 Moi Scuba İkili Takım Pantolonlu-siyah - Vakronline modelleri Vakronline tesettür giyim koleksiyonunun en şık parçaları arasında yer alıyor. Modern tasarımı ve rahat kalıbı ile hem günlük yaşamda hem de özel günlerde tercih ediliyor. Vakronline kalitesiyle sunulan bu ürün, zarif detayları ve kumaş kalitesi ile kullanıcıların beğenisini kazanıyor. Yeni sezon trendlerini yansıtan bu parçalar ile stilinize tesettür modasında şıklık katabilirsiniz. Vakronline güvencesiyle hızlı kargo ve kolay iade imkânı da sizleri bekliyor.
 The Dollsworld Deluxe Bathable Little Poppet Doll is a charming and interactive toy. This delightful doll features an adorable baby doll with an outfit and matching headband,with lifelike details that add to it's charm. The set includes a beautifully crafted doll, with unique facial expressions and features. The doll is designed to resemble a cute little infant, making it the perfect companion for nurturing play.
------------
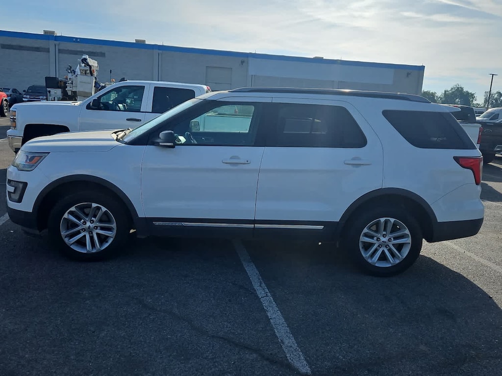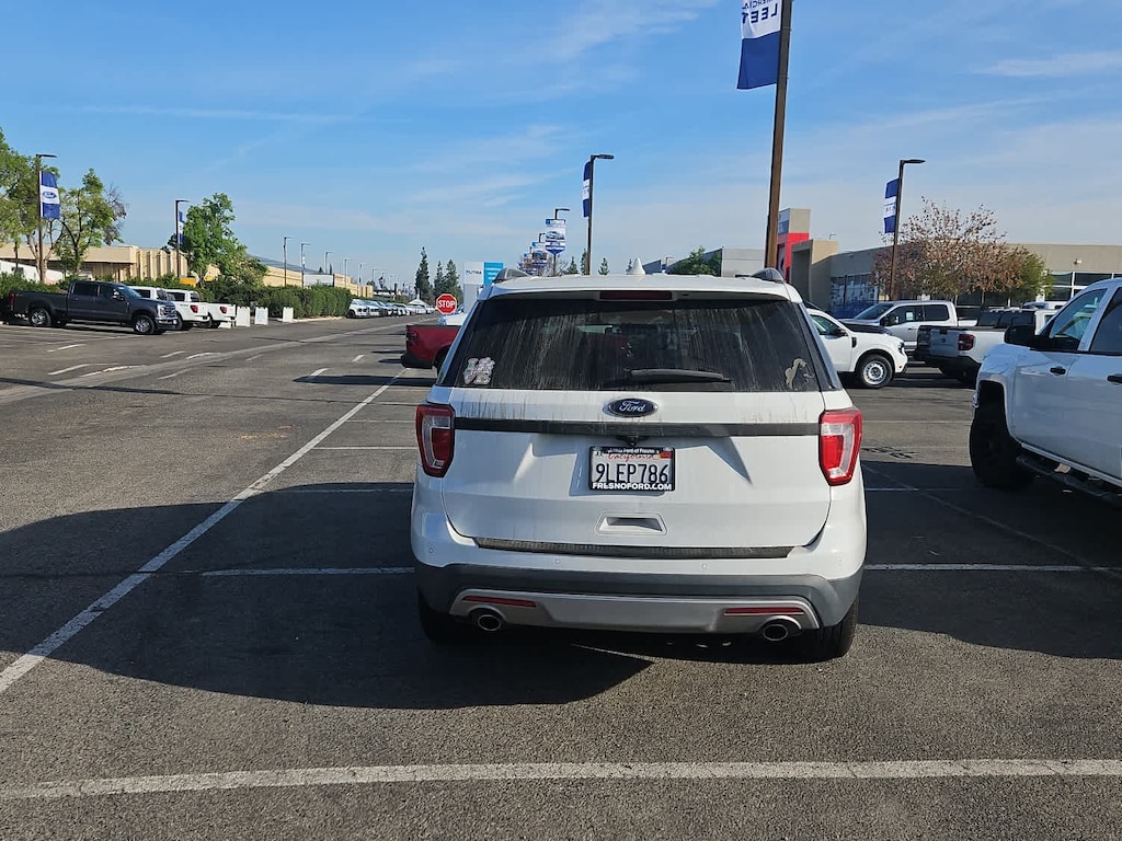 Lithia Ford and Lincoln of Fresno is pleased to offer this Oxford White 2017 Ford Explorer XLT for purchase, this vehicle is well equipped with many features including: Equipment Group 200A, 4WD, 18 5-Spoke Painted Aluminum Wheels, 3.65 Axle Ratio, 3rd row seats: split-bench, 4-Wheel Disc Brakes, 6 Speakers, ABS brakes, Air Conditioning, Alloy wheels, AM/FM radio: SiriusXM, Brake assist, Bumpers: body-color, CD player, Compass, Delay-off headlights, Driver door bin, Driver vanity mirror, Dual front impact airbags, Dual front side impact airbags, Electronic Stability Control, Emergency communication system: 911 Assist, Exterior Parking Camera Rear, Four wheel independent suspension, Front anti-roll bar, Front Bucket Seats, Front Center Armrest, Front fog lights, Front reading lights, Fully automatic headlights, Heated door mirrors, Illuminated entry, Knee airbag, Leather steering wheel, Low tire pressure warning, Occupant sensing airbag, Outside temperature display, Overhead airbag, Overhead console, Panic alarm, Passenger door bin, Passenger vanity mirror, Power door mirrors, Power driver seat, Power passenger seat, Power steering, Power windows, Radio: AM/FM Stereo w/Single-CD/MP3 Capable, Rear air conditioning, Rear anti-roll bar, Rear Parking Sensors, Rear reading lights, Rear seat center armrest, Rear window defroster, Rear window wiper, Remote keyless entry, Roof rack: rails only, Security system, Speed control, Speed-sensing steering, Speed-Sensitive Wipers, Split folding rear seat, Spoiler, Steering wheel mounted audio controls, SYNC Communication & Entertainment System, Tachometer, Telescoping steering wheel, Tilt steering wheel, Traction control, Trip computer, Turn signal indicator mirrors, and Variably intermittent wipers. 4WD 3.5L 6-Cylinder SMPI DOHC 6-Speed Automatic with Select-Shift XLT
------------
WHAT THE TASK ASKS
Everything above from the line with "Moi Scuba İkili" to the line with "The Dollsworld Deluxe", both included, must be repeated exactly, and nothing outside that range.

RESULT OF THIS EXERCISE
 Moi Scuba İkili Takım Pantolonlu-siyah - Vakronline modelleri Vakronline tesettür giyim koleksiyonunun en şık parçaları arasında yer alıyor. Modern tasarımı ve rahat kalıbı ile hem günlük yaşamda hem de özel günlerde tercih ediliyor. Vakronline kalitesiyle sunulan bu ürün, zarif detayları ve kumaş kalitesi ile kullanıcıların beğenisini kazanıyor. Yeni sezon trendlerini yansıtan bu parçalar ile stilinize tesettür modasında şıklık katabilirsiniz. Vakronline güvencesiyle hızlı kargo ve kolay iade imkânı da sizleri bekliyor.
 The Dollsworld Deluxe Bathable Little Poppet Doll is a charming and interactive toy. This delightful doll features an adorable baby doll with an outfit and matching headband,with lifelike details that add to it's charm. The set includes a beautifully crafted doll, with unique facial expressions and features. The doll is designed to resemble a cute little infant, making it the perfect companion for nurturing play.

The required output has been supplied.